▶ _Required action_
Your copy must start with the line containing "건 당연하다고 생각해요." and end with the last line of the entries, matching them exactly and leaving out every picture.

Stored entries:
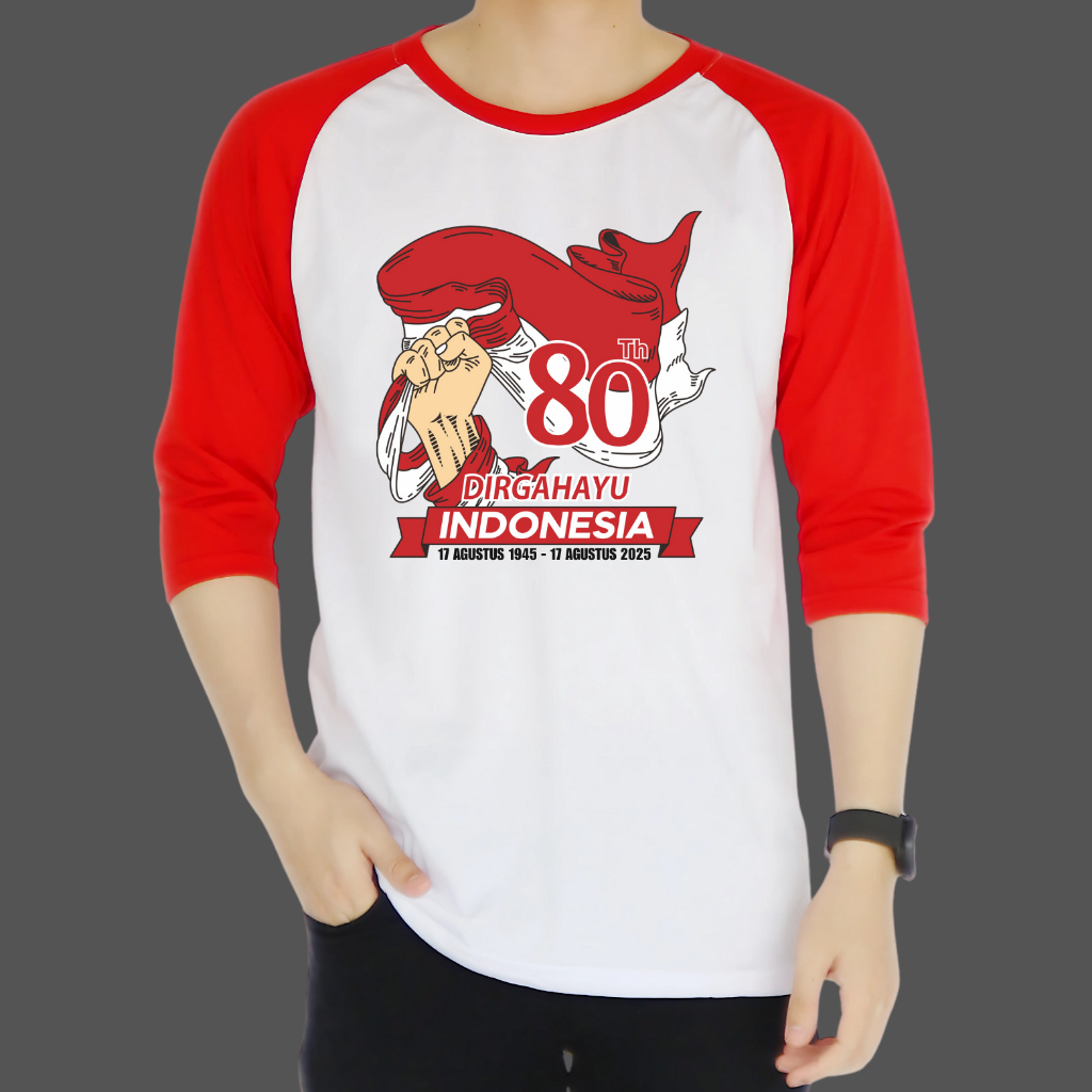 [Gratis Ongkir] Kaos Raglan Putih Merah 80 Th Kemerdekaan | Kaos Kimono 17 Agustus | Kaos Hut Kemerdekaan Dirgahayu Indonesia
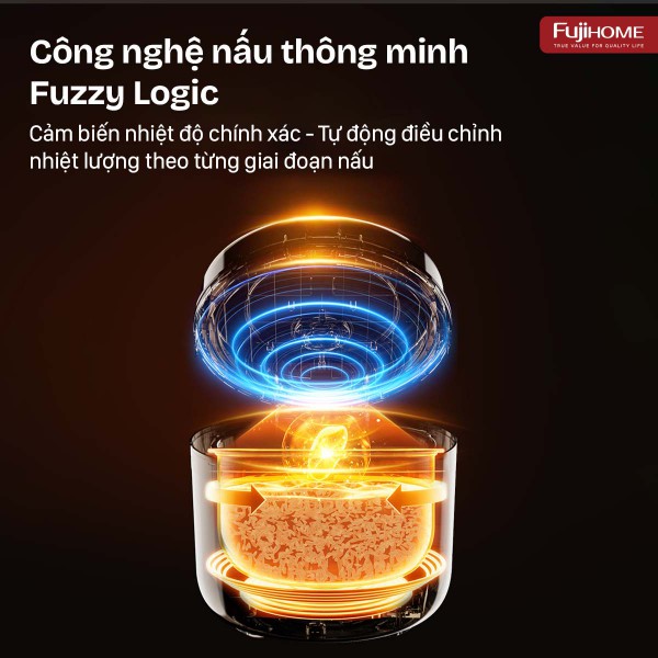 Công nghệ Fuzzy Logic tự động điều chỉnh nhiệt tối ưu giúp cơm chín đều, giữ trọn vị thơm dẻo. Hệ thống cảm biến nhiệt kết hợp Fuzzy Logic giúp kiểm soát nhiệt chính xác.
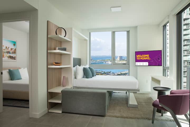 Სტუდიო და 1 საძინებელი ვარიანტი ხელმისაწვდომია, ჩვენი PADs აღჭურვილია სრული სამზარეულო ტექნიკით და ჭურჭელი, სარეცხი მანქანა და საშრობი, და გთავაზობთ თვალწარმტაცი ხედები Biscayne Bay და Downtown Miami. Იდეალურია მარტო სივრცე-მაქსიმიზატორებისთვის ან ჯგუფებისთვის, რომლებიც ერთად მოგზაურობენ, დაისვენეთ და დაიმუხტეთ სრული მისაღები ოთახით, რომელიც მოწყობილია მერფის ინდივიდუალური საწოლით.
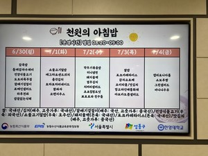“학생들이 좋은 걸 먹는 건 당연하다고 생각해요. 6천 원짜리 식사를 천 원에 제공하는 이유입니다.”한양대 학생식당에서는 지난 3월부터 매일 아침, 단돈 ‘천 원’에 든든한 한 끼를 제공하고 있다. 운영 초기인 2023년에는 시험 기간 한정 5일짜리 행사로 기획됐으나, 학생들의 뜨거운 반응에 힘입어 지난해에는 2주간으로 확대됐다. 이후 올해부터는 정규 프로그램으로 자리 잡았다. 아침밥은 매주 월요일부터 금요일, 오전 8시 20분부터 9시까지 학생복지관 학생식당에서 제공된다. 천 원으로 6천 원짜리 한 끼, “모두의 손으로 완성된 아
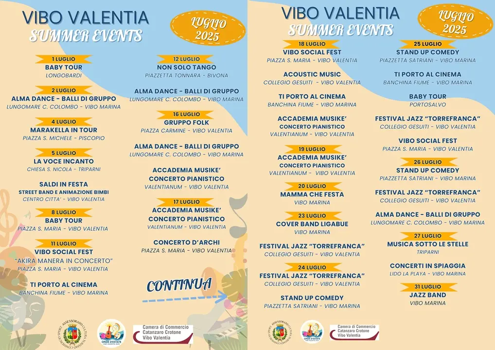L’amministrazione comunale di Vibo Valentia, con l’assessorato alla Cultura e al Turismo, presenta il cartellone di eventi previsto per il mese di luglio nell’ambito della rassegna “Onde d’estate”, che «trasformerà la città in un palcoscenico diffuso di spettacolo, intrattenimento e valorizzazione del territorio».
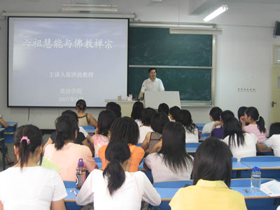 张教授介绍了六祖慧能,并对南禅的基本教义进行了剖析,同时对禅宗进行了一分为二的评价。
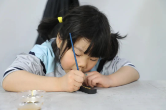 在墨块描金的活动现场,小学员们聚精会神地围坐在桌前,手持笔刷,蘸取金粉,小心翼翼地在墨块上描绘。
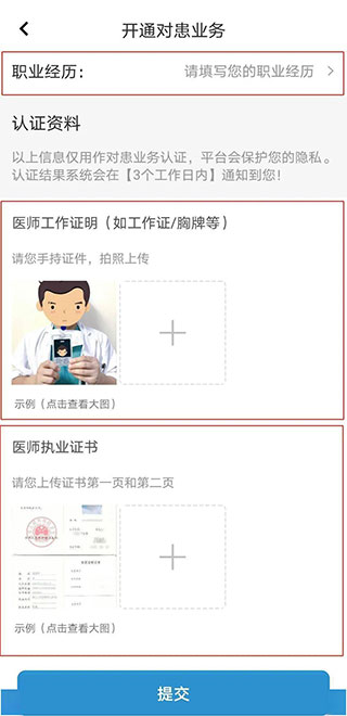 上传“医师工作证明”及“医师执业证书”,点击提交,工作人员会尽快为您审核。
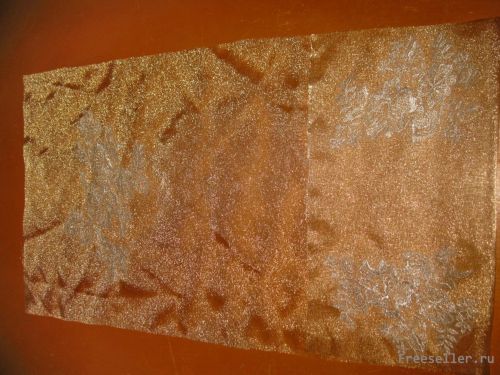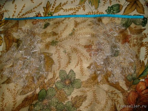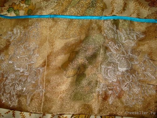 1) вырезаем прямоугольник из органзы (длина равна длине стебля цветов, ширина - ширине 2-3 бутылок + запас на окантовку и строчку), элементы цветочного кружева;
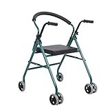 - Mit einem starken und stabilen Stahlrahmen bietet dieser 4-Rollen-Rollator für Erwachsene Stärke, Unterstützung, Haltbarkeit und Komfort. Der Rollator mit Sitz und Rollen wird komplett mit einer gepolsterten Rückenlehne geliefert, die durch Hoch- oder Abklappen entfernt werden kann. Der Rollator für drinnen und draußen verfügt auch über einen bequemen 30,5 cm quadratischen Sitz, eine praktische Tasche für persönliche Gegenstände und 15,2 cm große Rollen. Die höhenverstellbaren Rollatorgriffe können je nach Körpergröße nach oben oder unten bewegt werden und sind ergonomisch, um übermäßige Belastung zu reduzieren
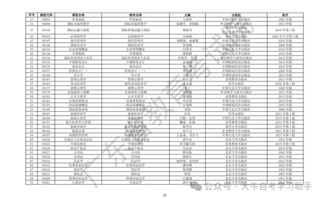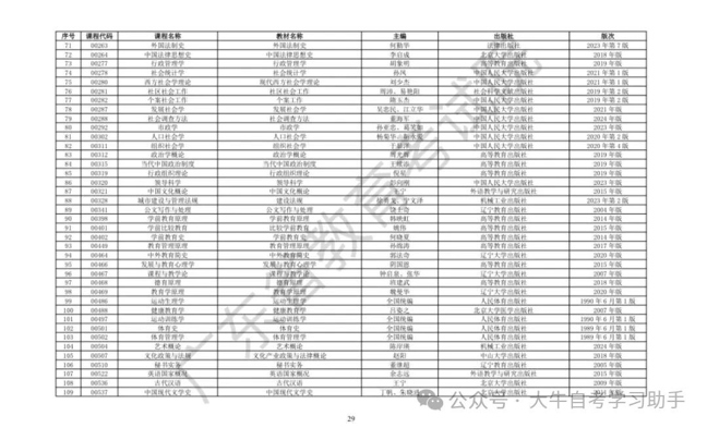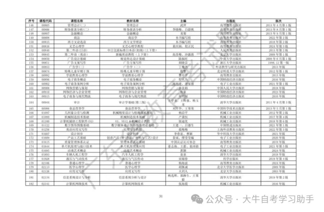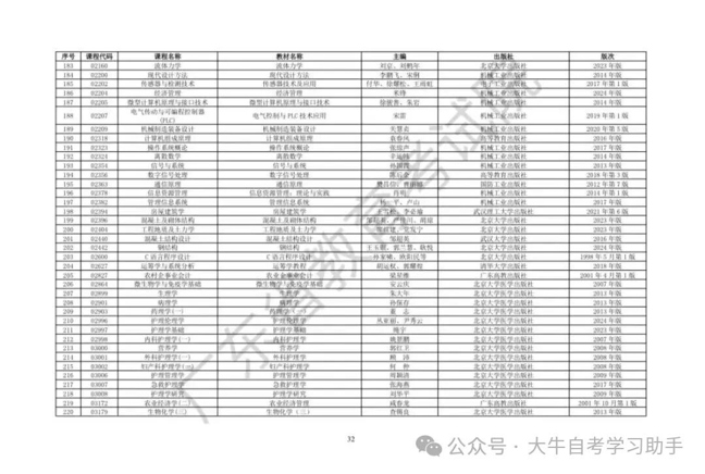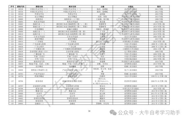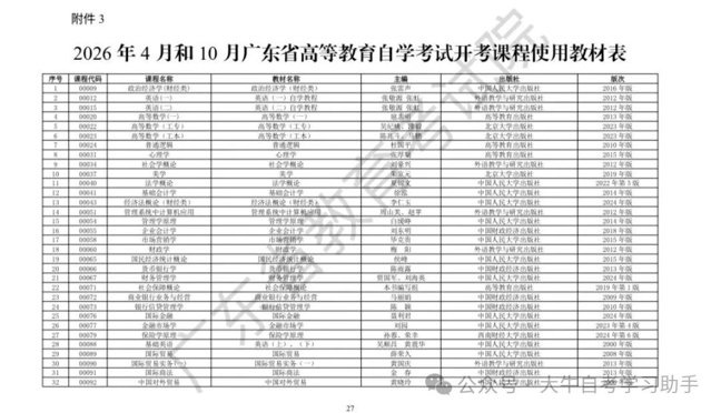 2026年4月广东省高等自学考试开考课程使用教材表
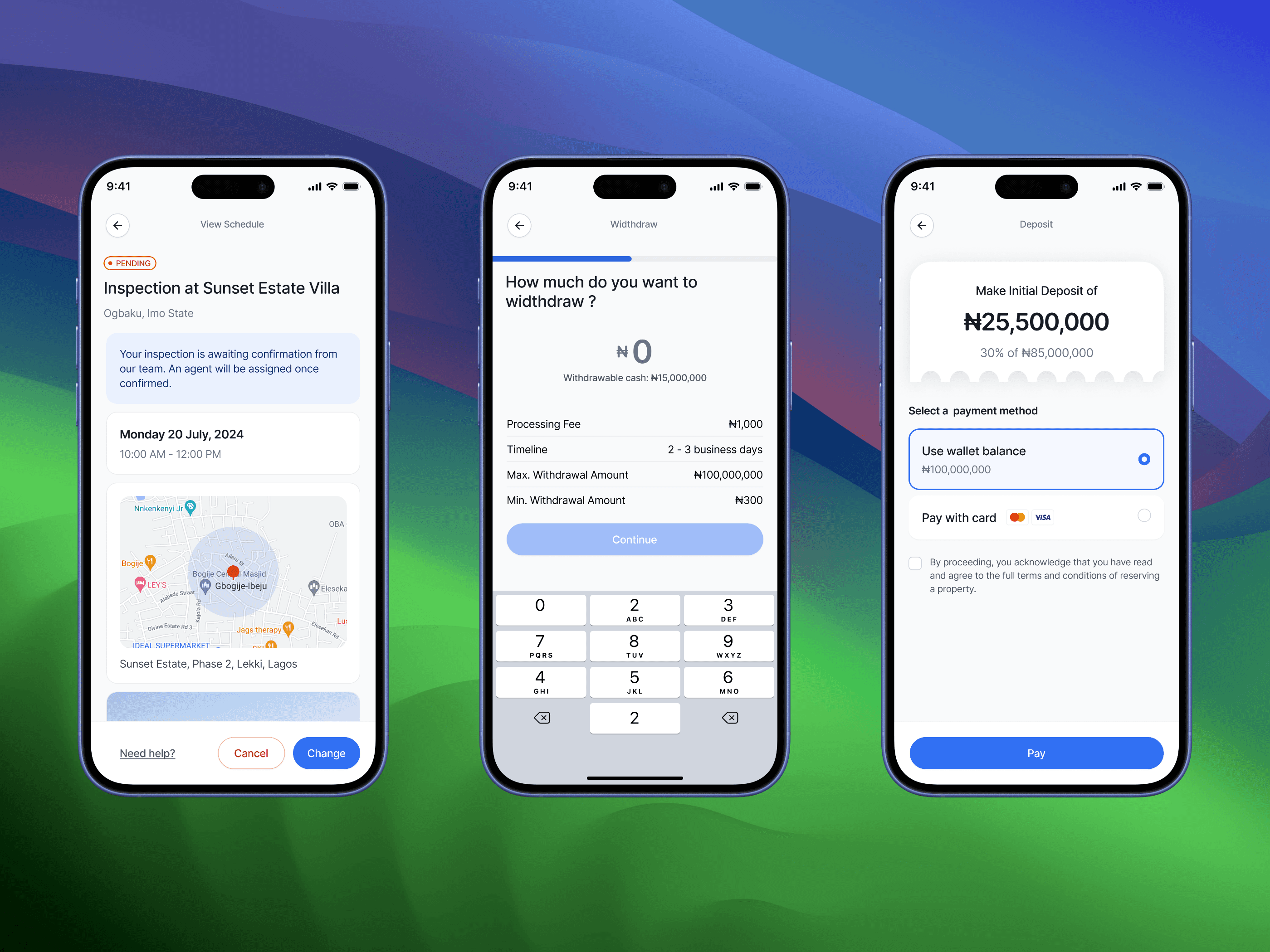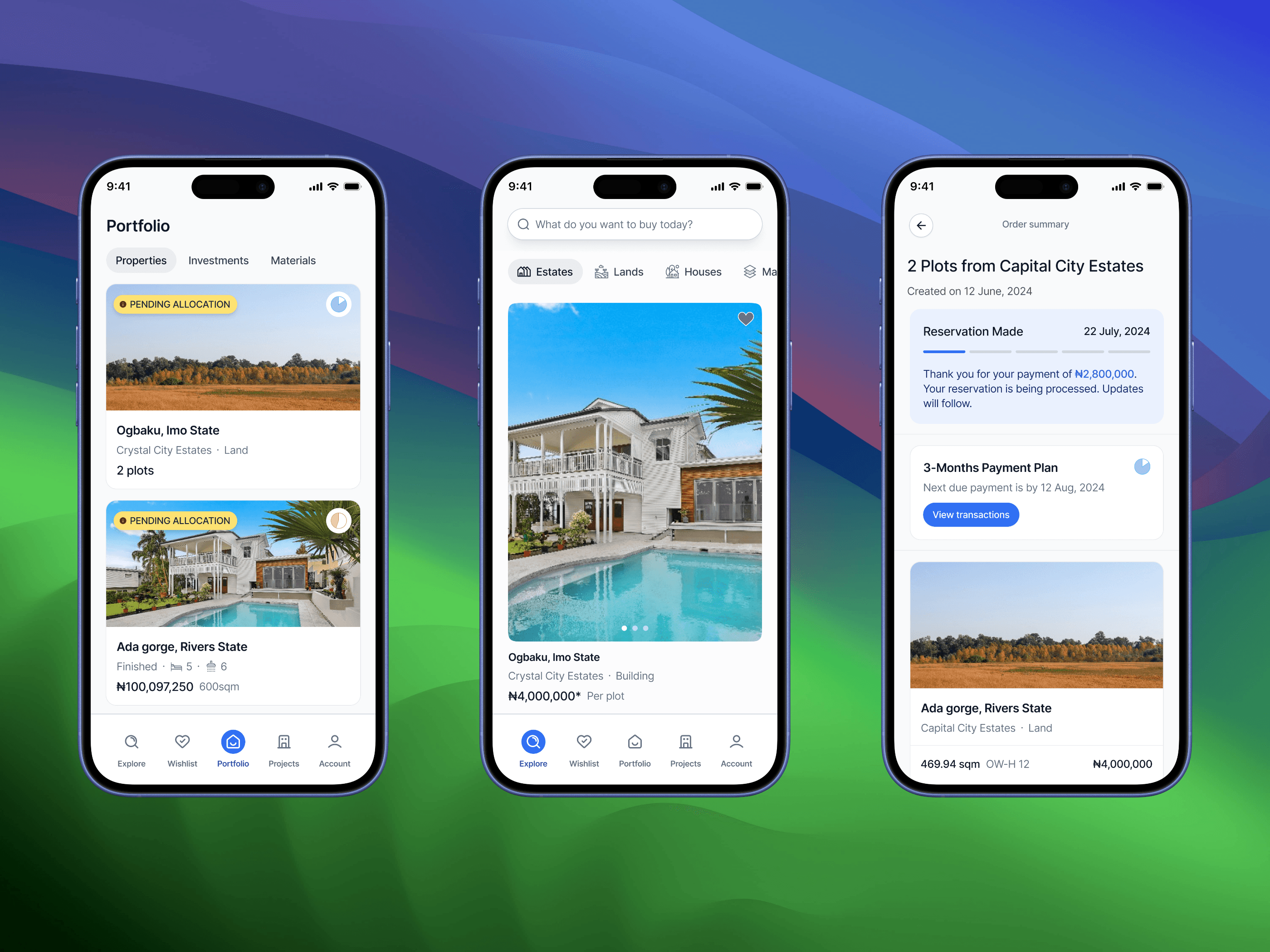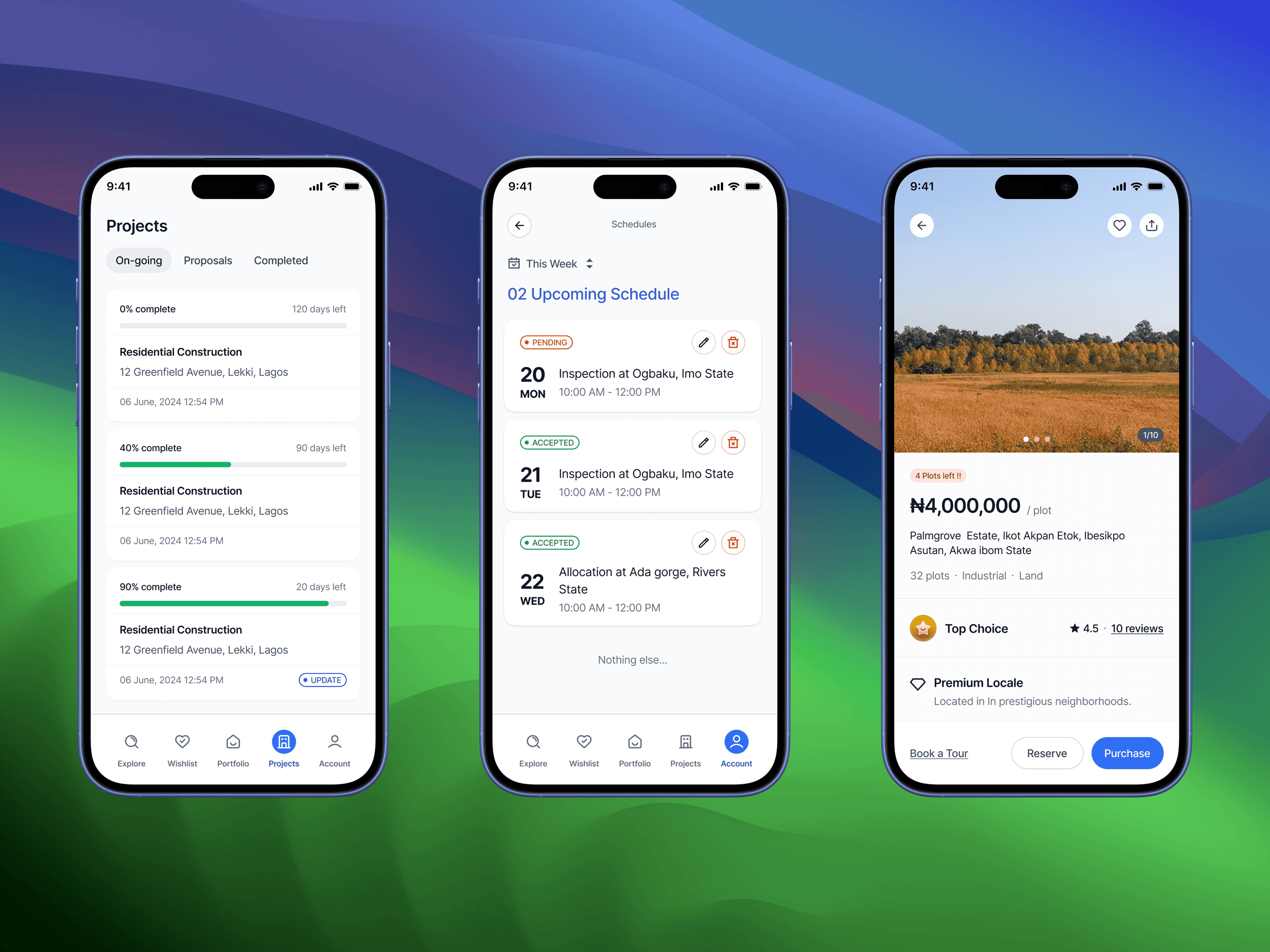 Designed an intuitive user flow that streamlined property exploration, wallet funding, and project tracking.

▶ _Result for this task_
“학생들이 좋은 걸 먹는 건 당연하다고 생각해요. 6천 원짜리 식사를 천 원에 제공하는 이유입니다.”한양대 학생식당에서는 지난 3월부터 매일 아침, 단돈 ‘천 원’에 든든한 한 끼를 제공하고 있다. 운영 초기인 2023년에는 시험 기간 한정 5일짜리 행사로 기획됐으나, 학생들의 뜨거운 반응에 힘입어 지난해에는 2주간으로 확대됐다. 이후 올해부터는 정규 프로그램으로 자리 잡았다. 아침밥은 매주 월요일부터 금요일, 오전 8시 20분부터 9시까지 학생복지관 학생식당에서 제공된다. 천 원으로 6천 원짜리 한 끼, “모두의 손으로 완성된 아
L’amministrazione comunale di Vibo Valentia, con l’assessorato alla Cultura e al Turismo, presenta il cartellone di eventi previsto per il mese di luglio nell’ambito della rassegna “Onde d’estate”, che «trasformerà la città in un palcoscenico diffuso di spettacolo, intrattenimento e valorizzazione del territorio».
 张教授介绍了六祖慧能,并对南禅的基本教义进行了剖析,同时对禅宗进行了一分为二的评价。
 在墨块描金的活动现场,小学员们聚精会神地围坐在桌前,手持笔刷,蘸取金粉,小心翼翼地在墨块上描绘。
 上传“医师工作证明”及“医师执业证书”,点击提交,工作人员会尽快为您审核。
 1) вырезаем прямоугольник из органзы (длина равна длине стебля цветов, ширина - ширине 2-3 бутылок + запас на окантовку и строчку), элементы цветочного кружева;
 - Mit einem starken und stabilen Stahlrahmen bietet dieser 4-Rollen-Rollator für Erwachsene Stärke, Unterstützung, Haltbarkeit und Komfort. Der Rollator mit Sitz und Rollen wird komplett mit einer gepolsterten Rückenlehne geliefert, die durch Hoch- oder Abklappen entfernt werden kann. Der Rollator für drinnen und draußen verfügt auch über einen bequemen 30,5 cm quadratischen Sitz, eine praktische Tasche für persönliche Gegenstände und 15,2 cm große Rollen. Die höhenverstellbaren Rollatorgriffe können je nach Körpergröße nach oben oder unten bewegt werden und sind ergonomisch, um übermäßige Belastung zu reduzieren
 2026年4月广东省高等自学考试开考课程使用教材表
 Designed an intuitive user flow that streamlined property exploration, wallet funding, and project tracking.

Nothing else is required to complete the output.